Availability cannot be calculated in advance. It typically is based on
historical component failure information. Sound design ensures
redundancy and eliminates single point of failure.

As for the rest, CIR, Latency, Jitter, Loss ..... this can be tested
prior to customer handover with any number of tools and protocols
including IEEE 802.11ag/ah, ITU-T 1731, IETF RFC2544. Hand-helds are
typically not cost effective.

Rich Andreas
Comcast Network Engineering

Maybe the best way of addressing this is knowing exactly what we need to measure- if IP traffic, services or processes. If the timescale of a process (ie: MTTR's)and/or procedure or just data and/or voice traffic from point A to B. Or just scoping the measurments as being the performance of the core network, or only related to usage based service. And that takes us to the TMN model and to the bottom-up approach starting w/ the FCAPs.

you have fereware, shareware and licenced tools or most likely specific vendor-related tools and only linked to one vendor or one type of equipment. I am sure you've heard of RRD/MRTG, just like a few others that normally sit on the botton tier and have an upstream chain correlating the events. Most times the options are about suitablity and what the software version is prepared to report on so they are seen as more "suitable" to customers.

IME, the administrators don't have anything to do with what is signed. The "company" chooses what SLAs to sign with customers (typically whatever the customer requests, possibly with various levels of pricing for different agreements), but the operational staff are not involved.

If you're lucky, you have this information before you build and can -try- to build to suite.
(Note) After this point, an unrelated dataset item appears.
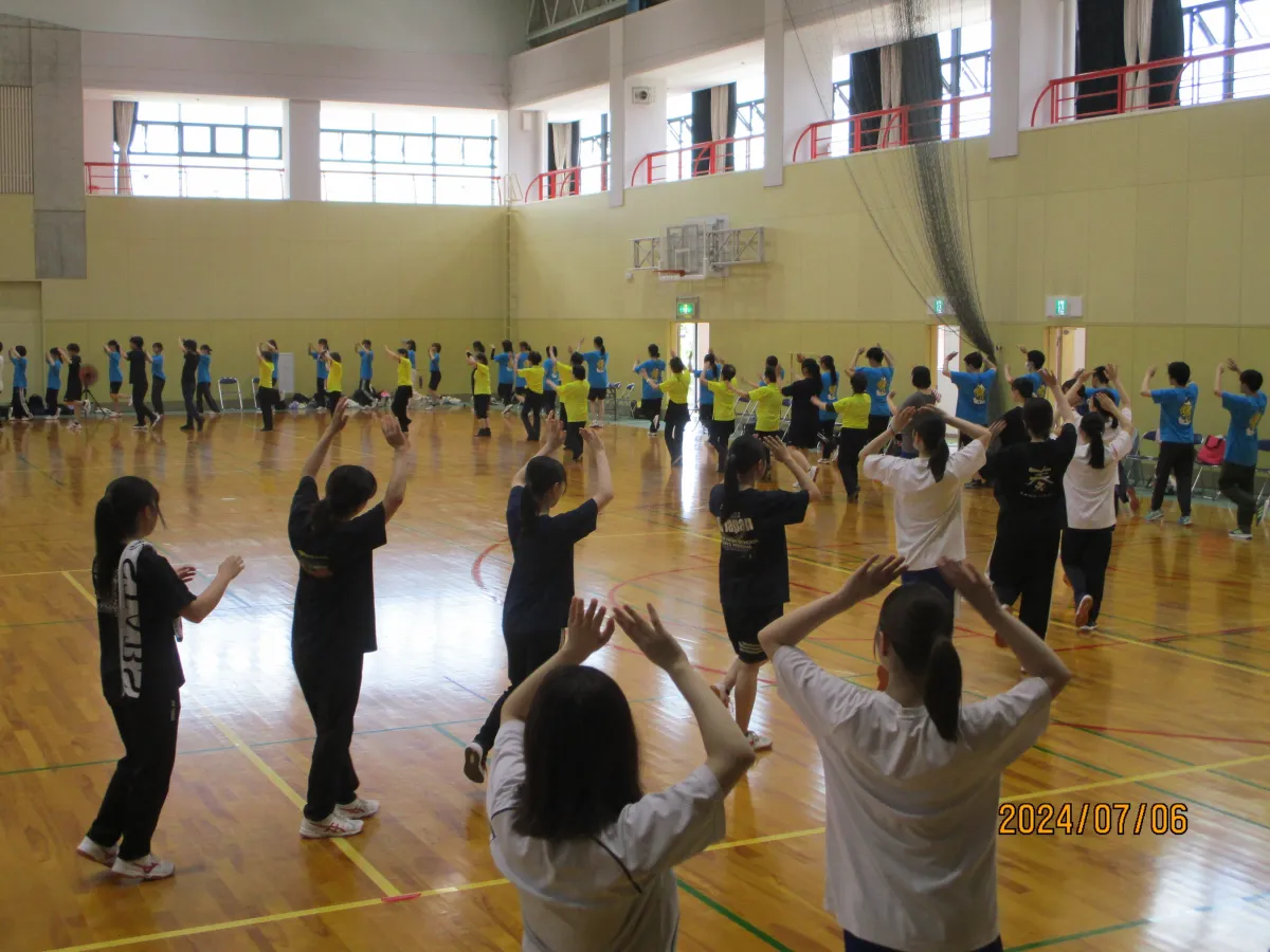 この授業では、約170名の1年生が参加し、楽しみながら健康を促進することを目的としています。指導者は松江市フォークダンス連盟からの専門家たちで、フォークダンスの歴史や文化についても触れながら、実技指導を行います。

But most times, the SLAs are signed after you've built, and everyone just crosses their fingers.

IME.

..david

We use the BRIX active measurement instrumentation product to measure
round-trip, jitter, and packet loss SLA conformity.

Saqib Ilyas wrote:

Greetings
I am curious to know about any tools/techniques that a service provider uses
to assess an SLA before signing it. That is to say, how does an
administrator know if he/she can meet what he is promising. Is it based on
experience? Are there commonly used tools for this?
Thanks and best regards
  

Not necessarily as a direct answer (I am pretty sure there'll be others on this list giving details in the area of specific tools and standards), but I think this may be a question (especially considering your end result concern: *signing the SLA!) equally applicable to your legal department. In the environment we live, nowadays, the SLA could (should?!? ... unfortunately) be "refined" and (at the other end - i.e. receiving) "interpreted" by the lawyers, with possibly equal effects (mostly financial and as overall impact on the business) as the tools we (the technical people) would be using to measure latency, uptime, bandwidth, jitter, etc...

Stefan

As I gather, there is a mix of answers, ranging from "building the resources
according to requirements and HOPE for the best" to "use of arguably
sophisticated tools and perhaps sharing the results with the legal
department".

I would be particularly interested in hearing the service providers'
viewpoint on the following situation.

Consider a service provider with MPLS deployed within its own network.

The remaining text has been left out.